= Beginning of Section =

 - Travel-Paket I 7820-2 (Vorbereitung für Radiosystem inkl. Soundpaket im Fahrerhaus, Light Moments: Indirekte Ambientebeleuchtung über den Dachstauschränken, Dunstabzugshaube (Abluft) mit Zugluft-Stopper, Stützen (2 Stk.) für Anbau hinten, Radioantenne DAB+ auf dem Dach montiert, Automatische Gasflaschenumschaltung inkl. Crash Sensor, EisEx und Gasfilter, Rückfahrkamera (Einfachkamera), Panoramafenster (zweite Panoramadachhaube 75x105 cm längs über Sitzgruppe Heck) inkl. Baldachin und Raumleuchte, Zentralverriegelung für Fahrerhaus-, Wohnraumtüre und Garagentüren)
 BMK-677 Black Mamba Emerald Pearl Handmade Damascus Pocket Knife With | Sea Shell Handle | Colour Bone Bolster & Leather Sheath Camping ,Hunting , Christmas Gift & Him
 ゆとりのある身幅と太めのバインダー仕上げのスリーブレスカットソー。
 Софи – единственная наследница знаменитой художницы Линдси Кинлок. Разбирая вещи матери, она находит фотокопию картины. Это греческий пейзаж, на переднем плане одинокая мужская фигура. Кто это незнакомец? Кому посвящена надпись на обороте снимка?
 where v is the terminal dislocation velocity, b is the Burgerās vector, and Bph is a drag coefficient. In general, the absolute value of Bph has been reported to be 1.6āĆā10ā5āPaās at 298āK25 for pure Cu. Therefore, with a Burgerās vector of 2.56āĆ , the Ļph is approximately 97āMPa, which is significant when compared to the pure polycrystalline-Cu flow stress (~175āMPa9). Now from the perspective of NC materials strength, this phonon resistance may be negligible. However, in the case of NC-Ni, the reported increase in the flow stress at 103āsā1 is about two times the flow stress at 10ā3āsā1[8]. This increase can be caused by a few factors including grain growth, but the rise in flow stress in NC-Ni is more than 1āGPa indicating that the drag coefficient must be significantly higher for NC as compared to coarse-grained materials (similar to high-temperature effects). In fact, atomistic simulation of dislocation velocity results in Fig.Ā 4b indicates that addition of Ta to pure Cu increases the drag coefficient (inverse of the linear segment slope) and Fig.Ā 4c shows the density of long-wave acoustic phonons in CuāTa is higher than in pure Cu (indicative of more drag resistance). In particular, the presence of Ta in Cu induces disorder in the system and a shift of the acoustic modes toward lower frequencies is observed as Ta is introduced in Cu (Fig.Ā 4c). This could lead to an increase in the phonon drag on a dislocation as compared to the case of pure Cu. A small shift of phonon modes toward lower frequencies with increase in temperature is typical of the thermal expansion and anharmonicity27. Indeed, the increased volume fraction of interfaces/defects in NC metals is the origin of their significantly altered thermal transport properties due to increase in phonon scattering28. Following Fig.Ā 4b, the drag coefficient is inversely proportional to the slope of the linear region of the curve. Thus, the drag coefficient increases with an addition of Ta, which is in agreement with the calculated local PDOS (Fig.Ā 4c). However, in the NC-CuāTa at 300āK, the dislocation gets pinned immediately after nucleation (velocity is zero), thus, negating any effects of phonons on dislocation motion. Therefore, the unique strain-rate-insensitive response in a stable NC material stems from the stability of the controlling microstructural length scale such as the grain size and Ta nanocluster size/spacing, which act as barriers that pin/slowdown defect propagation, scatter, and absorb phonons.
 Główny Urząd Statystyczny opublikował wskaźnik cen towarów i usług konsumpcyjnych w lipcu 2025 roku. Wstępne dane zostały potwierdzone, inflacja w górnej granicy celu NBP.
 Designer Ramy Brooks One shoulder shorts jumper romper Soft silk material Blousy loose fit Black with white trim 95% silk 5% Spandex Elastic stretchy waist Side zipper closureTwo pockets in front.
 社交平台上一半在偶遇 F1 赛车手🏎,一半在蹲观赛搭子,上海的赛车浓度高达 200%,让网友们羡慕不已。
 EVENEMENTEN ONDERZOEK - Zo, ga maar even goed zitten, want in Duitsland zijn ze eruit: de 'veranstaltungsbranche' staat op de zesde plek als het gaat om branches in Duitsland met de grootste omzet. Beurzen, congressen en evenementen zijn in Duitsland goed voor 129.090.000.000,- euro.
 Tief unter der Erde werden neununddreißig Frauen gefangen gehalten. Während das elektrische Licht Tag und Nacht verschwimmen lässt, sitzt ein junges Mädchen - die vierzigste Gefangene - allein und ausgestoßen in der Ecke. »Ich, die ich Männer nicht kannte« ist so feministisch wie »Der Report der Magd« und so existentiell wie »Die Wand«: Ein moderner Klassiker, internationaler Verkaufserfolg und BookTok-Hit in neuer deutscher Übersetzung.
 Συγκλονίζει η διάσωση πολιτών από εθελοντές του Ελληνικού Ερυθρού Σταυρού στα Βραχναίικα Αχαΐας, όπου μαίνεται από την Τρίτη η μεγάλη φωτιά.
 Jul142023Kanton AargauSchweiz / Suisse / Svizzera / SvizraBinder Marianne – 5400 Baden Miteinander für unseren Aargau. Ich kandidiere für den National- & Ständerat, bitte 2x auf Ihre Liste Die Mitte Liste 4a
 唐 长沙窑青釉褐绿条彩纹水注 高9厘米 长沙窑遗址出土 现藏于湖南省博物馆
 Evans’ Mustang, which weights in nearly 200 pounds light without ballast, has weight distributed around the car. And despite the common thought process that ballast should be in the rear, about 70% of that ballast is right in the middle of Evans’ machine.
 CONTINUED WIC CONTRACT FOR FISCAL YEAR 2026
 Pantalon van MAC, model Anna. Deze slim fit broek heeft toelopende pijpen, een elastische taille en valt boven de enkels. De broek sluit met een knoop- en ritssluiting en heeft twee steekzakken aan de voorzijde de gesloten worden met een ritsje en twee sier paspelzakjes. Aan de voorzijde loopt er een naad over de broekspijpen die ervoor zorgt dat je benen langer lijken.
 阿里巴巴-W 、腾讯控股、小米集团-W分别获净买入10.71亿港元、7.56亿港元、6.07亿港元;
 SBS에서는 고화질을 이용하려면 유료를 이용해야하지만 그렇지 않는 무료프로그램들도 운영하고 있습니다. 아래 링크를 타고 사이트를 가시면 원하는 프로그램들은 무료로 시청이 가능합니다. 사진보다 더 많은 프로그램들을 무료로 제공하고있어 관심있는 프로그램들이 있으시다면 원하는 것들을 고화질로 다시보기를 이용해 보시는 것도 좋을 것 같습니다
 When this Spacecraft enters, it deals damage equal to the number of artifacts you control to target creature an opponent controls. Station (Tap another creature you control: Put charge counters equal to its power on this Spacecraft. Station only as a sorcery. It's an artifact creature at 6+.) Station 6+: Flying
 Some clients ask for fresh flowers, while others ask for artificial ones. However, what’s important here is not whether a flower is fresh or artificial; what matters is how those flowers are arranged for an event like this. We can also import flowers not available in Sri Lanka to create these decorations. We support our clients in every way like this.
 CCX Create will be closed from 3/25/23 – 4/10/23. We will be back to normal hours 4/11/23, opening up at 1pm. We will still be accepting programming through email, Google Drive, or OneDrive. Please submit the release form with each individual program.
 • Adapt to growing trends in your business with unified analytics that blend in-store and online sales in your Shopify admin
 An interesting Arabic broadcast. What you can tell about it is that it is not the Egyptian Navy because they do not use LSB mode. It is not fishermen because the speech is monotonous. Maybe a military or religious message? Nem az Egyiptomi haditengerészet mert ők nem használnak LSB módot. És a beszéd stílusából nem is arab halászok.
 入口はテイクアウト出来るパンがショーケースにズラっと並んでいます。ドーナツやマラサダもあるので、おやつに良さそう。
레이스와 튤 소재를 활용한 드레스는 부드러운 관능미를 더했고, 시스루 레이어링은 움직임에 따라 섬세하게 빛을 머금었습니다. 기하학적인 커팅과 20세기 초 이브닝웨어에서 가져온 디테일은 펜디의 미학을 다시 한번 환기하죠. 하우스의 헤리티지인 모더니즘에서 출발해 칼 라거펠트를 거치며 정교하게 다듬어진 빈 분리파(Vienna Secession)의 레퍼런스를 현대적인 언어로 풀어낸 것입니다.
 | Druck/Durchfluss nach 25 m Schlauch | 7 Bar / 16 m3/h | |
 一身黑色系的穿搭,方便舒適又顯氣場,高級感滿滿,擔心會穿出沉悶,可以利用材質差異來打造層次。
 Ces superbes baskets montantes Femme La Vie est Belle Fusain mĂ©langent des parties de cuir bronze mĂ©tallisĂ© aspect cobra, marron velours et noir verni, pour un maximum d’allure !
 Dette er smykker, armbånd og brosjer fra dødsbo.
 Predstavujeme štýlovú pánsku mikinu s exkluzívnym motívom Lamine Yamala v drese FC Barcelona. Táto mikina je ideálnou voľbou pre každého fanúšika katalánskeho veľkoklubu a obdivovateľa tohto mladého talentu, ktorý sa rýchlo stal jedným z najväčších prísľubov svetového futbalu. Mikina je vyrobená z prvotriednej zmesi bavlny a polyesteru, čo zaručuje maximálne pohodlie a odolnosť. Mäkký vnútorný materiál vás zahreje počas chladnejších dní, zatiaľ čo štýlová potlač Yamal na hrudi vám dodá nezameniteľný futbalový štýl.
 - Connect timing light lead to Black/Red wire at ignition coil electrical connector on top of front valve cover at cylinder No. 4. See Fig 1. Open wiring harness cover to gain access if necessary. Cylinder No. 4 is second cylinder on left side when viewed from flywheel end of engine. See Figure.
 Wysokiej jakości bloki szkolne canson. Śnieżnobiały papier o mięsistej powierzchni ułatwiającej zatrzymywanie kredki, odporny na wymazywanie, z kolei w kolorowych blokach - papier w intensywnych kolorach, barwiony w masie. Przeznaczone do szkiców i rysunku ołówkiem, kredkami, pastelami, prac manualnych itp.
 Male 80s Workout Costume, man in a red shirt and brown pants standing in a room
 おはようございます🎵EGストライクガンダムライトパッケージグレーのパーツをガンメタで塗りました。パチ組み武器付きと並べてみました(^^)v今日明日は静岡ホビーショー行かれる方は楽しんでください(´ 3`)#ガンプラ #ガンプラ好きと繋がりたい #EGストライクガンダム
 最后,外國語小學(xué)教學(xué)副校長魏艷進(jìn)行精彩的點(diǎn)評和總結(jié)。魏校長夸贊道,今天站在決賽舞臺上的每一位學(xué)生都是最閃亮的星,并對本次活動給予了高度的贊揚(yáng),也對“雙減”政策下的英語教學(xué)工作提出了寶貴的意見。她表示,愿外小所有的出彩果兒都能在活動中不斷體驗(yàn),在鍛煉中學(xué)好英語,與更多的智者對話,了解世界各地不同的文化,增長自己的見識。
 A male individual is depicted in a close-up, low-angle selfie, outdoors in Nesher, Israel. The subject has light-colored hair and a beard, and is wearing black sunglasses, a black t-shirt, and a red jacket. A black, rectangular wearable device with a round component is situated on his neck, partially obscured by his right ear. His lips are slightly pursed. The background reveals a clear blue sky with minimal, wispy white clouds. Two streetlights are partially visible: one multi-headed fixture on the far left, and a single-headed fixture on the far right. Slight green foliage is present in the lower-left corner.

= End of Section =

[DIRECTIONS FOR THIS TASK]
Write out the listing exactly from its first line to the line containing "ゆとりのある身幅と太めのバインダー仕上げのスリーブレスカットソー。". Both of those lines belong in the answer.

[ANSWER]
 - Travel-Paket I 7820-2 (Vorbereitung für Radiosystem inkl. Soundpaket im Fahrerhaus, Light Moments: Indirekte Ambientebeleuchtung über den Dachstauschränken, Dunstabzugshaube (Abluft) mit Zugluft-Stopper, Stützen (2 Stk.) für Anbau hinten, Radioantenne DAB+ auf dem Dach montiert, Automatische Gasflaschenumschaltung inkl. Crash Sensor, EisEx und Gasfilter, Rückfahrkamera (Einfachkamera), Panoramafenster (zweite Panoramadachhaube 75x105 cm längs über Sitzgruppe Heck) inkl. Baldachin und Raumleuchte, Zentralverriegelung für Fahrerhaus-, Wohnraumtüre und Garagentüren)
 BMK-677 Black Mamba Emerald Pearl Handmade Damascus Pocket Knife With | Sea Shell Handle | Colour Bone Bolster & Leather Sheath Camping ,Hunting , Christmas Gift & Him
 ゆとりのある身幅と太めのバインダー仕上げのスリーブレスカットソー。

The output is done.